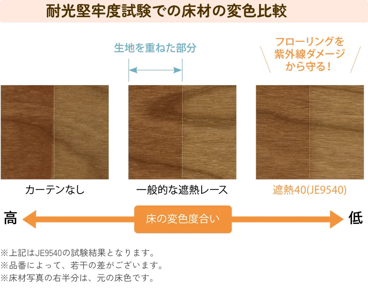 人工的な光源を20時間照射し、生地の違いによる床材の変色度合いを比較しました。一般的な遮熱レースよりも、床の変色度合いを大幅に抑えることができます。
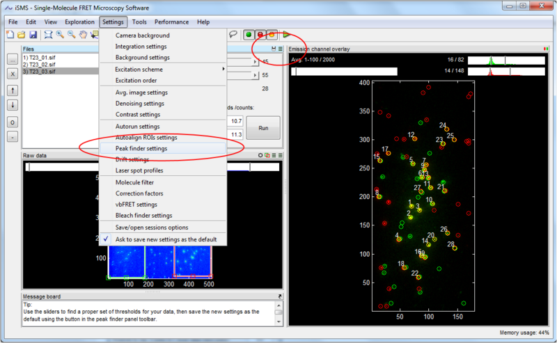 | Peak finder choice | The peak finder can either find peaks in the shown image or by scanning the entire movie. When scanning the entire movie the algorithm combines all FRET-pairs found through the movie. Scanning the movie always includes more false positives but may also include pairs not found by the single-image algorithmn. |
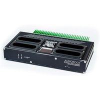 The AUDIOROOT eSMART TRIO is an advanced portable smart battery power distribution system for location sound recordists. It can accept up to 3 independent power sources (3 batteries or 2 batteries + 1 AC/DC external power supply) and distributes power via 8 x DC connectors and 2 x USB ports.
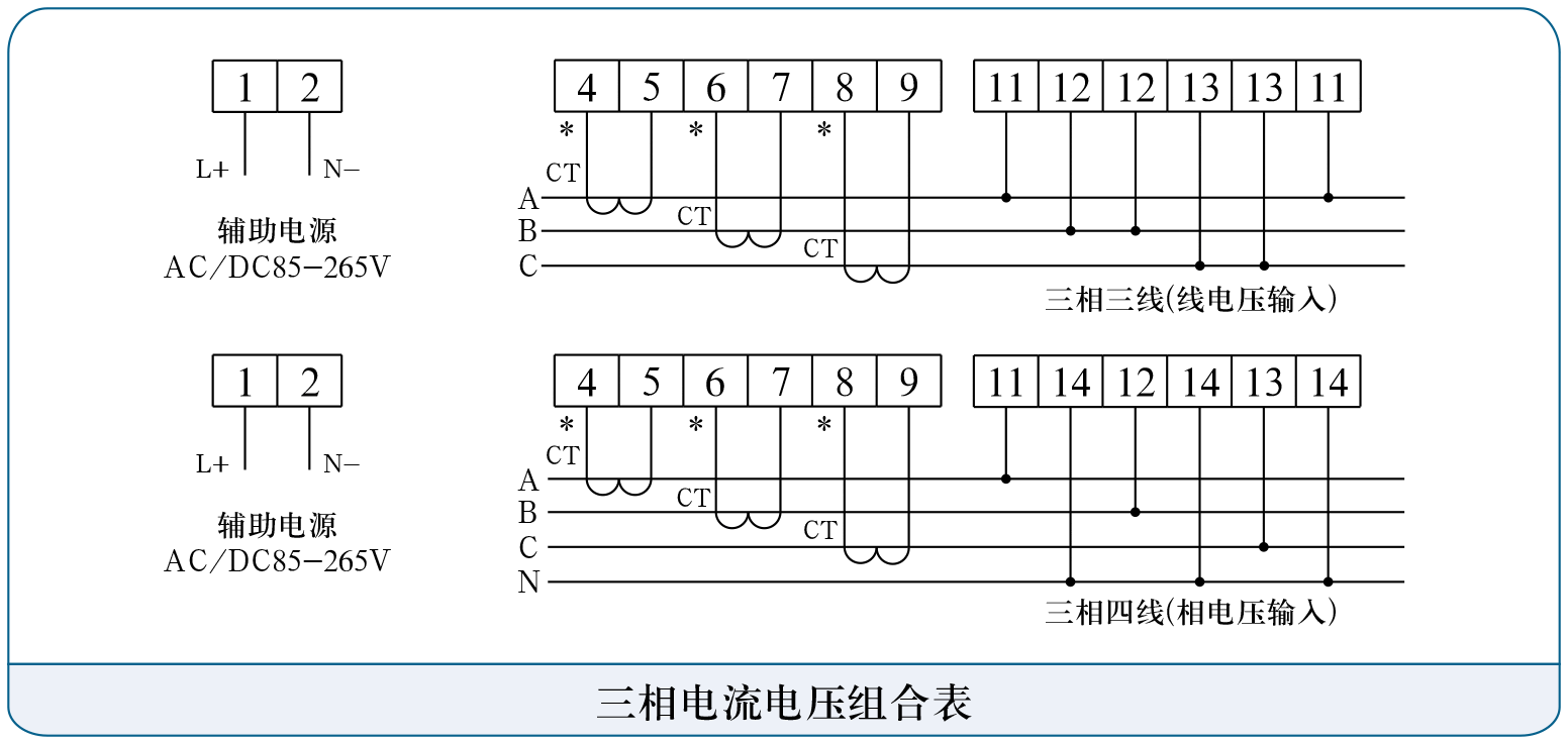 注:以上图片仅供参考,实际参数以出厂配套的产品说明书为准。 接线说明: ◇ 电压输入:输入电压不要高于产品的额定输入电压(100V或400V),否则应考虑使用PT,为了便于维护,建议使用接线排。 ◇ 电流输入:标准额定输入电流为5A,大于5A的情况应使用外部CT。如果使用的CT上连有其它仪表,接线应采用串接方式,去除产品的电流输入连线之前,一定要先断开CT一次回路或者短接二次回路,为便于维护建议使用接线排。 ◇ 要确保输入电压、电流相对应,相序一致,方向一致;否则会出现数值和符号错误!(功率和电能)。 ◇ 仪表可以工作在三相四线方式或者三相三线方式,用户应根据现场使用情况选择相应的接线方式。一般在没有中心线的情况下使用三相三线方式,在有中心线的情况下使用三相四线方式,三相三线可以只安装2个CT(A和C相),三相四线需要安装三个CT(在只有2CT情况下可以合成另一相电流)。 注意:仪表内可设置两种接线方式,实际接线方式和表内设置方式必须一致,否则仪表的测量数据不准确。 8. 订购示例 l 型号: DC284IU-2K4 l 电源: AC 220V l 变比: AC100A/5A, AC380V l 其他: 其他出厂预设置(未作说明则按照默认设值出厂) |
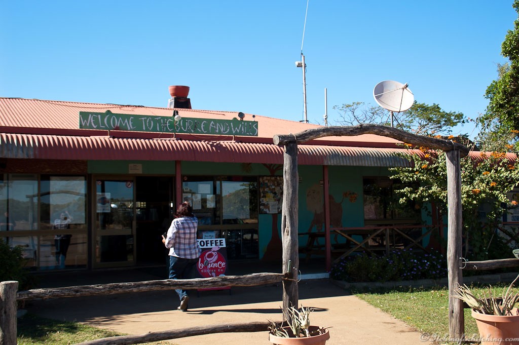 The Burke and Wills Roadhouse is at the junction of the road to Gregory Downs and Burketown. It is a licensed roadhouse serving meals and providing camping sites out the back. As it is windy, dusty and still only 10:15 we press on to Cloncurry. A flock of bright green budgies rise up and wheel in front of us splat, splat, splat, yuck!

- INSTRUCTIONS TO FOLLOW
When a record holds a picture, leave that picture out; copy the rest verbatim.

- SOLVED EXERCISE
 人工的な光源を20時間照射し、生地の違いによる床材の変色度合いを比較しました。一般的な遮熱レースよりも、床の変色度合いを大幅に抑えることができます。
 | Peak finder choice | The peak finder can either find peaks in the shown image or by scanning the entire movie. When scanning the entire movie the algorithm combines all FRET-pairs found through the movie. Scanning the movie always includes more false positives but may also include pairs not found by the single-image algorithmn. |
 The AUDIOROOT eSMART TRIO is an advanced portable smart battery power distribution system for location sound recordists. It can accept up to 3 independent power sources (3 batteries or 2 batteries + 1 AC/DC external power supply) and distributes power via 8 x DC connectors and 2 x USB ports.
 注:以上图片仅供参考,实际参数以出厂配套的产品说明书为准。 接线说明: ◇ 电压输入:输入电压不要高于产品的额定输入电压(100V或400V),否则应考虑使用PT,为了便于维护,建议使用接线排。 ◇ 电流输入:标准额定输入电流为5A,大于5A的情况应使用外部CT。如果使用的CT上连有其它仪表,接线应采用串接方式,去除产品的电流输入连线之前,一定要先断开CT一次回路或者短接二次回路,为便于维护建议使用接线排。 ◇ 要确保输入电压、电流相对应,相序一致,方向一致;否则会出现数值和符号错误!(功率和电能)。 ◇ 仪表可以工作在三相四线方式或者三相三线方式,用户应根据现场使用情况选择相应的接线方式。一般在没有中心线的情况下使用三相三线方式,在有中心线的情况下使用三相四线方式,三相三线可以只安装2个CT(A和C相),三相四线需要安装三个CT(在只有2CT情况下可以合成另一相电流)。 注意:仪表内可设置两种接线方式,实际接线方式和表内设置方式必须一致,否则仪表的测量数据不准确。 8. 订购示例 l 型号: DC284IU-2K4 l 电源: AC 220V l 变比: AC100A/5A, AC380V l 其他: 其他出厂预设置(未作说明则按照默认设值出厂) |
 The Burke and Wills Roadhouse is at the junction of the road to Gregory Downs and Burketown. It is a licensed roadhouse serving meals and providing camping sites out the back. As it is windy, dusty and still only 10:15 we press on to Cloncurry. A flock of bright green budgies rise up and wheel in front of us splat, splat, splat, yuck!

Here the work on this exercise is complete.